**Task:** Pictures aside, quote the whole listing exactly.

**Recorded information:**
----

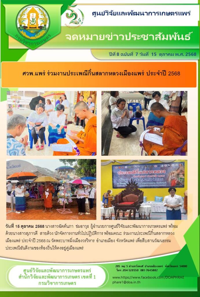 ศวพ.แพร่ ร่วมงานประเพณีกิ๋นสลากหลวงเมืองแพร่ ประจำปี 2568 15 ตุลาคม 2025 pharedoa ข่าวกิจกรรม จำนวนคนดู 3 FacebookFacebookXXLINELine
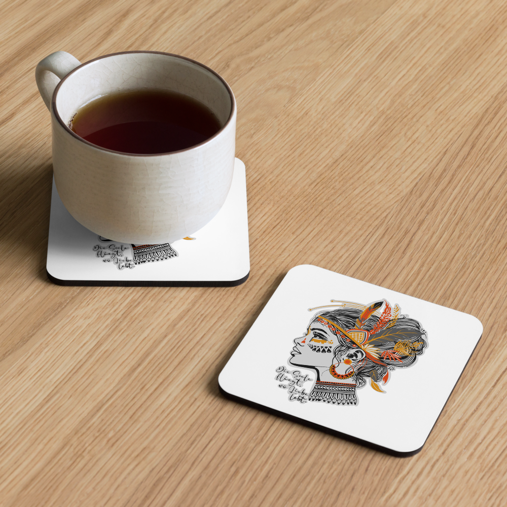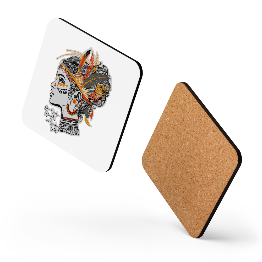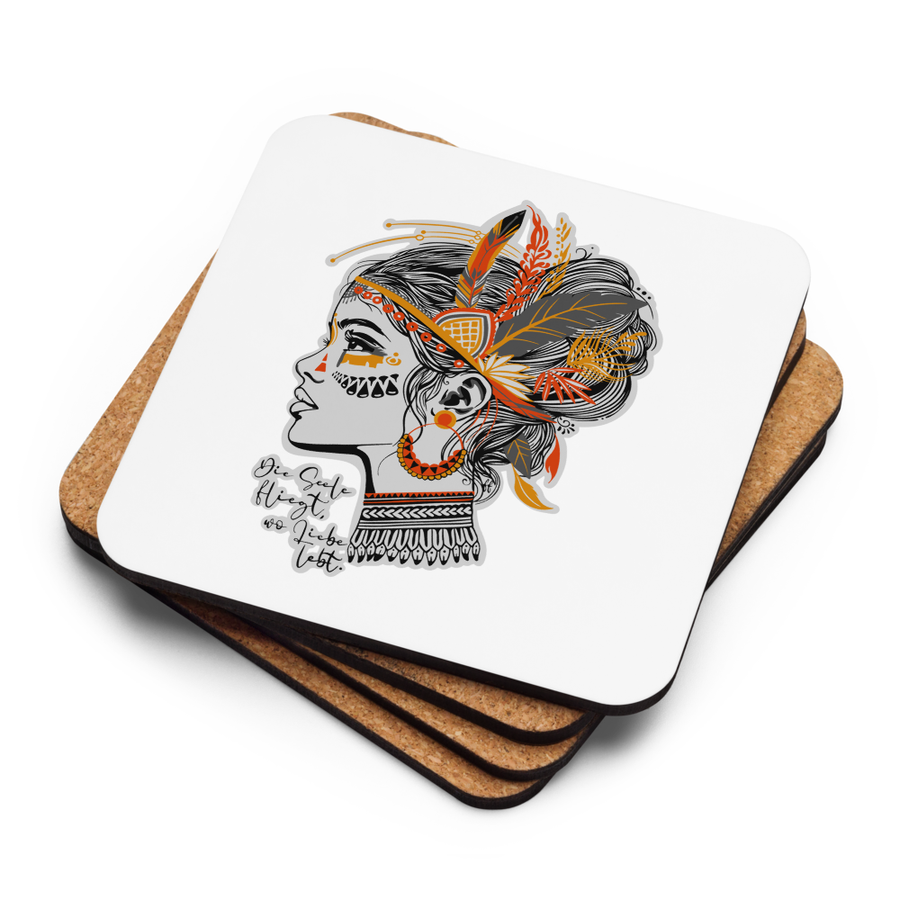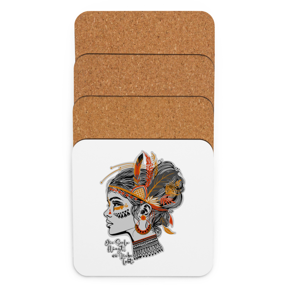 Korkuntersetzer Boho Frauenkopf „Die Seele fliegt“ – Federn im Haar, spirituelles Dekor & Geschenkidee | 4er Set
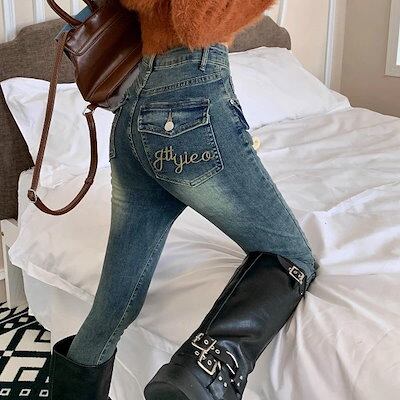 ジーンズ スキニーパンツ デニムパンツ ストレッチ gパン ハイウエスト 刺繍 着痩せ ボトムス レディース 春 夏 秋 カジュアル ファッション

----

**Solution to the problem:**
 ศวพ.แพร่ ร่วมงานประเพณีกิ๋นสลากหลวงเมืองแพร่ ประจำปี 2568 15 ตุลาคม 2025 pharedoa ข่าวกิจกรรม จำนวนคนดู 3 FacebookFacebookXXLINELine
 Korkuntersetzer Boho Frauenkopf „Die Seele fliegt“ – Federn im Haar, spirituelles Dekor & Geschenkidee | 4er Set
 ジーンズ スキニーパンツ デニムパンツ ストレッチ gパン ハイウエスト 刺繍 着痩せ ボトムス レディース 春 夏 秋 カジュアル ファッション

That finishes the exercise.